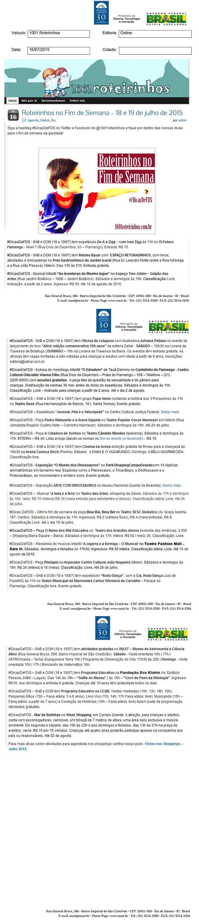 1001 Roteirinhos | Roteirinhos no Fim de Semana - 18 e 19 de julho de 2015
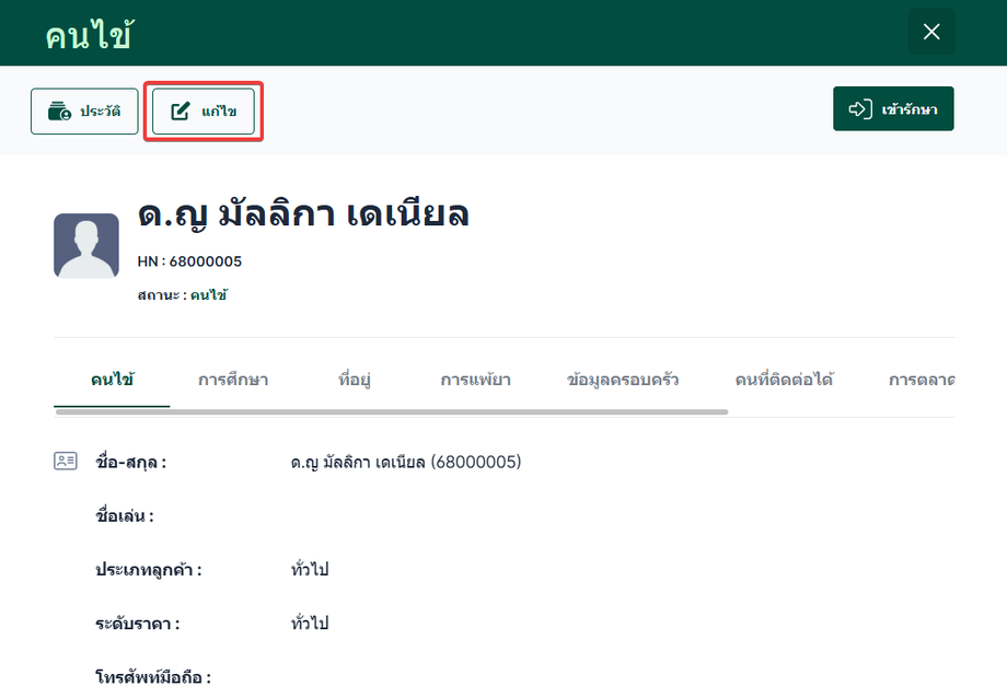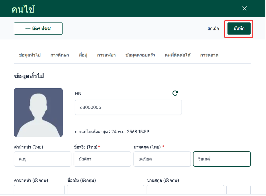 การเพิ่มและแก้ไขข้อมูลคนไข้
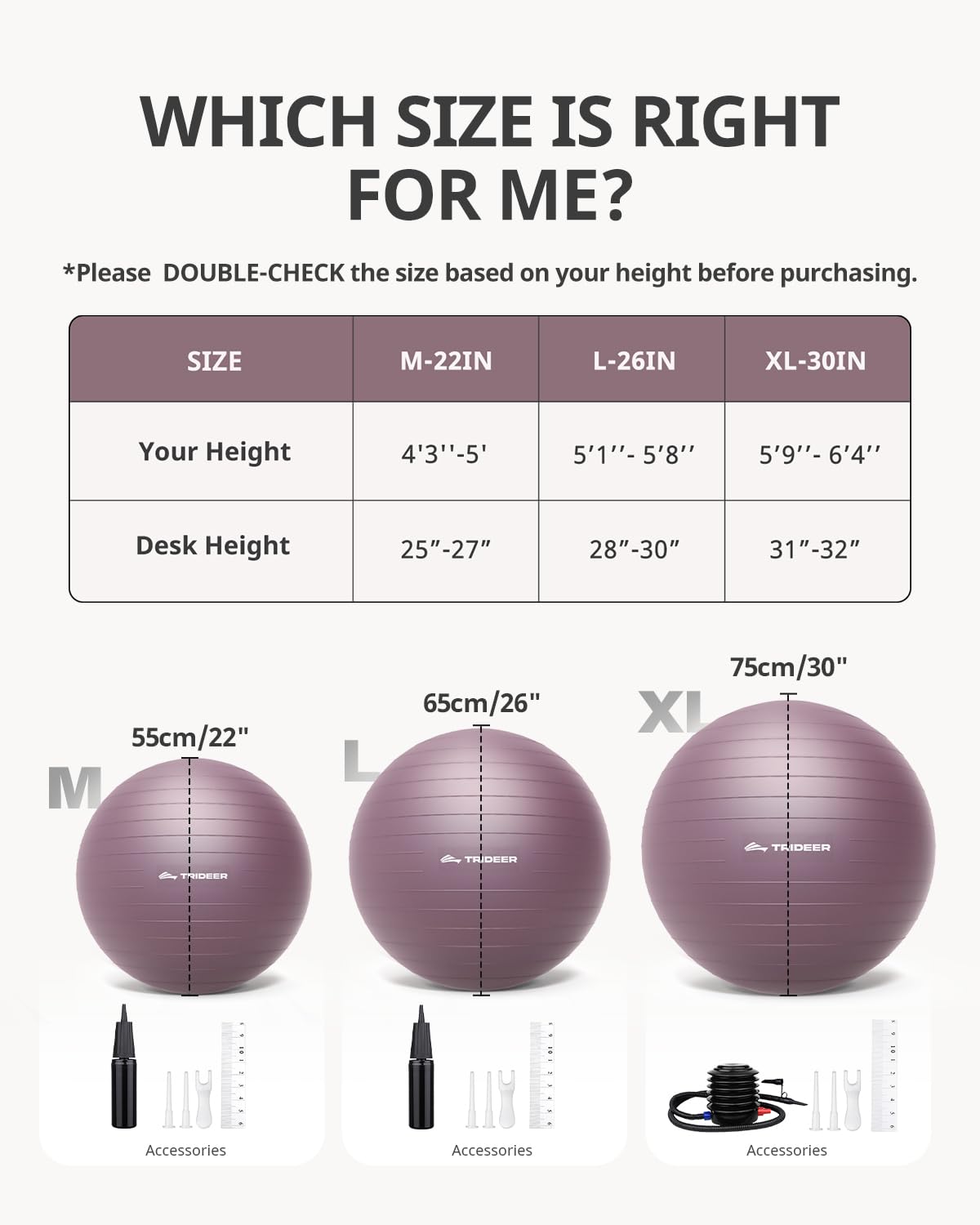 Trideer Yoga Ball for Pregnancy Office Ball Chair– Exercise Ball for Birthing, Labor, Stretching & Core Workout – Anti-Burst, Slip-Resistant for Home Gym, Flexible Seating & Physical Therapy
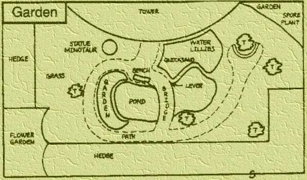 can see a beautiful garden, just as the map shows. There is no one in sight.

# # # #

* WHAT IS EXPECTED
Everything in the material above must be repeated exactly, apart from its pictures.

* RESPONSE BELOW
 1001 Roteirinhos | Roteirinhos no Fim de Semana - 18 e 19 de julho de 2015
 การเพิ่มและแก้ไขข้อมูลคนไข้
 Trideer Yoga Ball for Pregnancy Office Ball Chair– Exercise Ball for Birthing, Labor, Stretching & Core Workout – Anti-Burst, Slip-Resistant for Home Gym, Flexible Seating & Physical Therapy
 can see a beautiful garden, just as the map shows. There is no one in sight.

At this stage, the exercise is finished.